Take the listing below and print exactly the lines starting at the line containing "- This shorts" and ending at the line containing "Marquise Classic Slim", both ends included, and no others.

> DATA RECORDS
----------

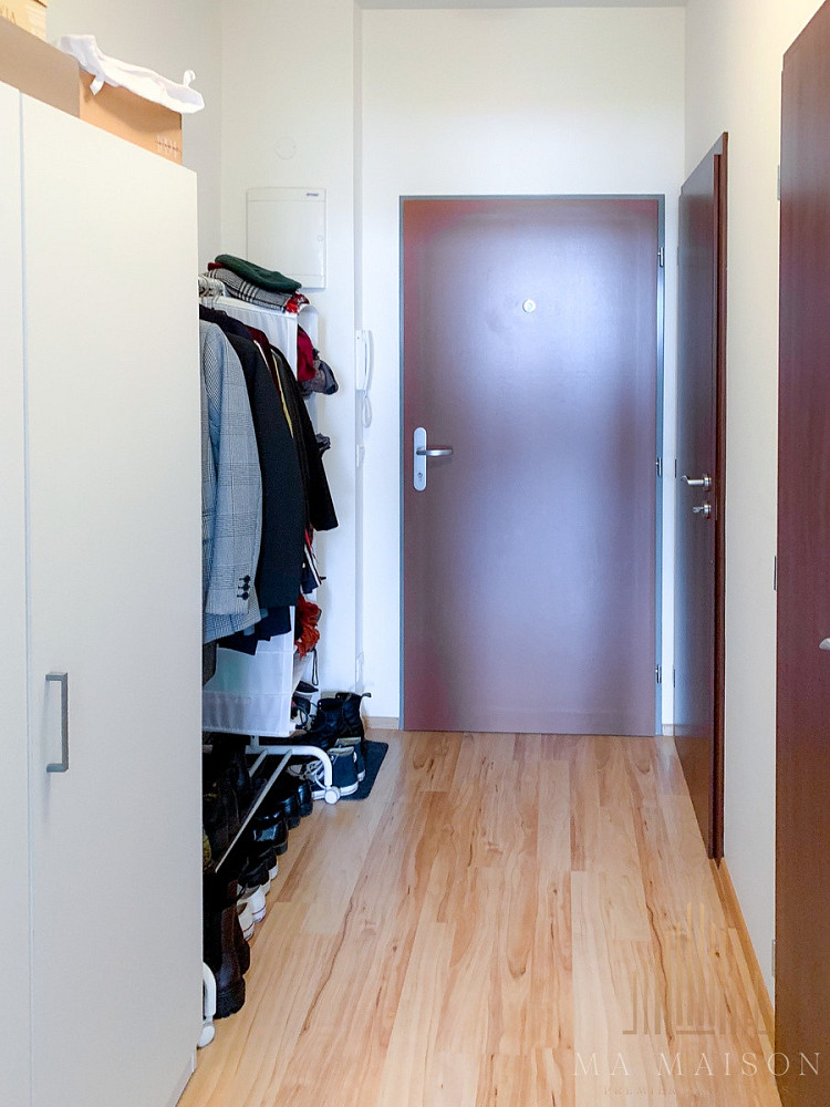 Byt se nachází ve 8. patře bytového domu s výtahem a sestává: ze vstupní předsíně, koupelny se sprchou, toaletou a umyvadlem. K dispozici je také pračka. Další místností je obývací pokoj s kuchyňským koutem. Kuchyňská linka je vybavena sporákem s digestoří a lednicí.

----------

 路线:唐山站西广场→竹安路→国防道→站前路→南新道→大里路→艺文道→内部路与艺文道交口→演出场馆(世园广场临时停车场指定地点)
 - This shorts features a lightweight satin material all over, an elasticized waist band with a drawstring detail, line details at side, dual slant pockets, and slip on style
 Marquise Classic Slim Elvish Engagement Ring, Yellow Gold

----------

> RESULT OF THE TASK
 - This shorts features a lightweight satin material all over, an elasticized waist band with a drawstring detail, line details at side, dual slant pockets, and slip on style
 Marquise Classic Slim Elvish Engagement Ring, Yellow Gold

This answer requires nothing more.